特別支援教育の「完全実施元年」も残すところわずかという時期になってきた。果たして、その趣旨は徹底されてきたのだろうか、という議論はここではしない。もともと、これほどに大きな考え方の転換が、それほどたやすく現場に定着するとは到底思えないからだ。これまでの特殊学級を特別支援学級と看板替えしただけ、という学校だってあるだろう。だが、教育制度や障害観の転換を謳う特別支援教育が、一面では行財政改革(?)であるという本質から、当然のように危惧されていた「地域間の較差」については、どうやら「着実」に進行しているように感じられる。地方自治体の財政は言うまでもなくおしなべて厳しい状況にあり、人的にも物理的にも予算的な大盤振る舞いなど期待できるはずもないが、そうした「量的」側面以上に深刻だと感じるのは発達障害という新たな障害カテゴリーに対峙することになった教育行政や学校現場の「質的」な較差だ。

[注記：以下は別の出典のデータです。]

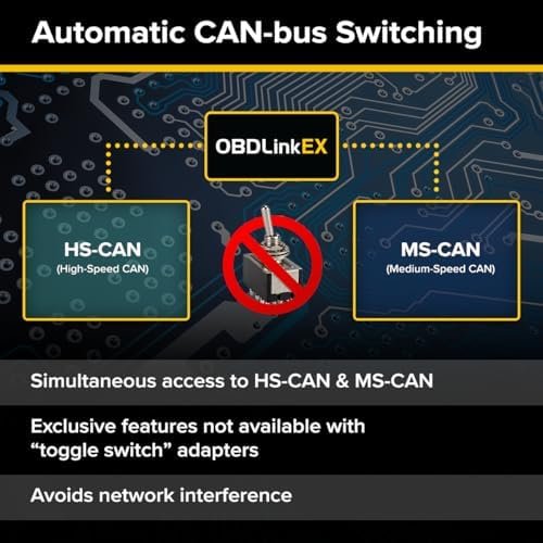 About this item CUSTOM-DESIGNED FOR USE WITH FORSCAN: Works with all FORScan compatible vehicles and is recommended by the FORScan Team DEALERSHIP-LEVEL DIAGNOSTICS: OBDLink EX supports all Ford protocols, modules, and advanced features of FORScan ELECTRONIC SWITCH allows FORScan to access all CAN buses simultaneously and enables advanced functions not possible with “toggle switch” adapters MAXIMUM THROUGHPUT — up to 20 times faster than “toggle switch” adapters ROCK-SOLID CONNECTION avoids data corruption and dropped packets

特別支援教育に関連したテーマでの研修を依頼されることは多いが、2年ほど前から、とても気になる質問を受けることが増えてきた。たとえば「今担任している子は、入学の時には高機能自閉症という診断を受けていたのですが、3年生の終わりに別なドクターからアスペルガー障害だと診断されました。どちらが本当なのでしょうか?」という質問である。「その質問に答えが出たとして、その子への関わり方として何か違いが出ますか?」と訊き返したくなるが、この質問の根底にある問題の深さを考えると茶化すことでは済まされない。

この質問は、ふざけてしているのではない。それどころか、質問者は得てしてとても真剣である。そこにあるのは、矢継ぎ早に紹介される新たな障害名に翻弄され、いつのまにか目の前の子どもがどのカテゴリーに属するのかを決定することが至上命題になってしまった姿である。本来は、「どのようにして躓(つまず)いてしまうのか」というメカニズムの理解こそが「障害」の理解と手だてに結びつくはずなのだが、その手前で問題が停まってしまったかのようだ。

もちろん、これは過渡期の問題で、メカニズムの理解を効率的にするためにカテゴライズへのこだわりが生じているのだと信じたい。私自身、機会あるごとに各地でそのような物言いをしている。だが、自立支援法に「能力に応じた」という思想が蘇り、教育においてもカテゴライズ志向が強まるとしたら、ノーマライゼーションということばの意味についての啓発は、今こそ重要なのかもしれない。